One of the greatest lesson history offers is that, in every crisis, there is an opportunity to be sought. Any crisis, be it a financial, health or economic crisis, brings about innovation and collaboration as individuals work together to seek solutions. In fact, Covid-19 serves a good epitome of this as individuals and corporate are constantly seeking new ways of doing business.
The uncertainty created by Covid-19 however, including the loss of life, has led stock markets across the globe to hit record-lows if not to a standstill (stock market halt). This, however, translates into an opportunity for investors and speculators to buy stocks, specifically shares, at lower prices. Of note though, is that cheap is not always good. Nonetheless, investing in shares is a good way to build wealth and realise higher returns.
It is sufficient to note that investing involves some level of risk, either low, moderate, or high risks. Thus, unlike saving money in the bank, there is no guarantee that investing money in the stock market would yield any positive gains. Therefore, it is important for one to practice emotional intelligence when venturing into the stock market.
Some of the factors to consider when buying company shares include: the company’s debt trajectory, revenue projection, going concern, management or leadership, turnaround strategy, annual financial statements and return on invested capital. Likewise, there are a number of external factors that affect a company’s share price including malicious news, interest rates, economic downfalls, and natural disasters e.g. Covid-19.
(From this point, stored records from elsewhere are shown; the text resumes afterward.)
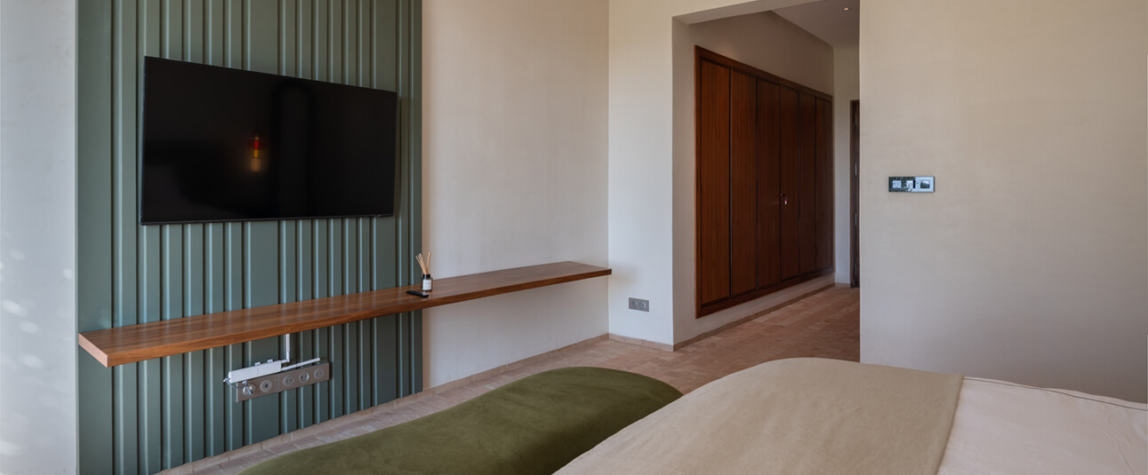 La villa dispose de 4 chambres confortables : trois avec lits king size (200 x 200) et une avec deux lits simples (100 x 200). Entièrement climatisée et dotée d’un chauffage au sol, elle assure un bien-être en toute saison. Une salle de massage privative complète cette expérience de détente.
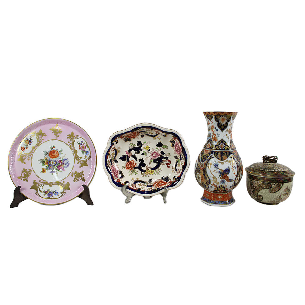 LOTTO DI 4 OGGETTI in porcellana dipinta , lumeggiature in oro, diverse manifatture XX secolo misure varie
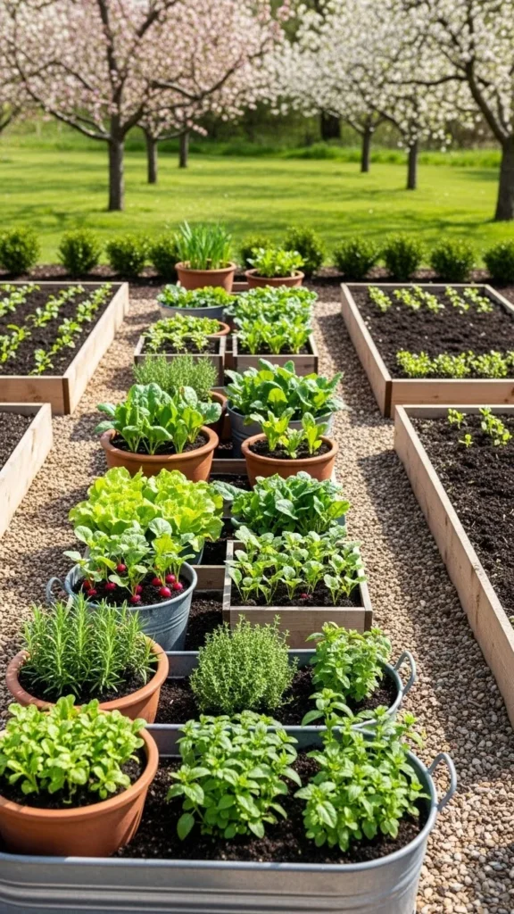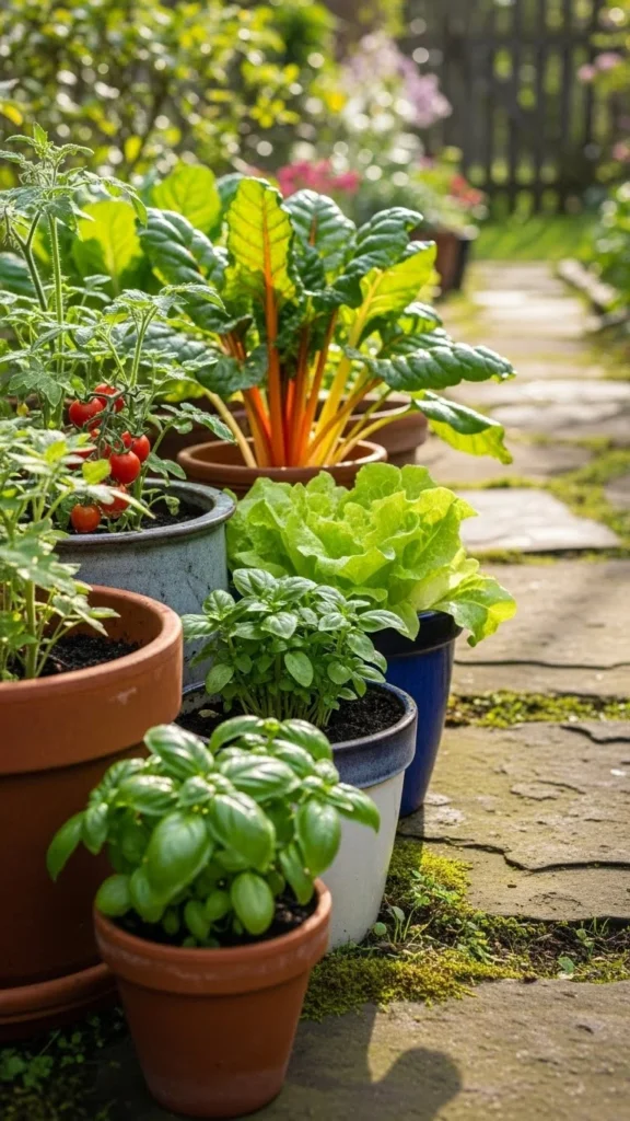 Containers fill gaps where beds won’t fit. Place pots along edges, corners, or patios. Herbs, peppers, and greens grow well in containers.
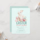 Dieser lustige Osterbrunch und die Eizelljagd laden mit dem Wort "Easter Brunch & Egg Hunt" zum vergnüglichen Abendessen ein. Alle Einladungsdetails befinden sich direkt unten auf einem hellen, weißen Hintergrund. Die Rückseite ist eine koordinierende Aqua-Blau-Farbe.
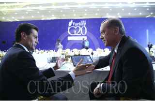 ANTALYA, REPÚBLICA DE TURQUÍA, 16NOVIEMBRE2015.- En el marco de la Cumbre de Líderes del Grupo de los 20, el Presidente Enrique Peña Nieto se reunió hoy con su homólogo de la República de Turquía, Recep Tayyip Erdogan, con quien conversó en torno a las negociaciones de un Tratado de Libre Comercio entre México y Turquía. FOTO: PRESIDENCIA /CUARTOSCURO.COM

There are also questions that one needs to answer before buying a company’s share: which type of products or services is the holding company or its subsidiaries providing? Are they in demand today? Will they still be in demand ten years from now?
It should be clear however, that ownership does not imply control. When an individual buys shares in a listed company, they own a fraction of the company’s value. Therefore, this does not mean they control or can influence the day to day operations of the company. Depending on the type of shares, a shareholder may have voting rights.
Also, one needs to be clear about their intentions, whether they want to be an investor or speculator. An investor in this regard, is someone who buys shares with the intent to invest in a company for the long run. A speculator on the other hand, is an individual who buys and sell shares daily for short run gains without proper analysis of the company’s financial wellness.
There are several platforms/brokers one can use to buy and sell shares on the the Johannesburg Stock Exchange (JSE) such Easy Equities, among others. Some company shares are below R1 while others range between R1 and R3000. It all depends on affordability and risk appetite. To begin buying shares through Easy Equities, one needs to register an account on their website and have their account Fica’d. There are many other platforms/brokers, Easy Equities is only chosen on the basis of familiarity.
Special thanks to Cassius Munyai and Tony Matlasedi for their contributions.
*Disclaimer: this article does not constitute financial advice. It is only a personal opinion.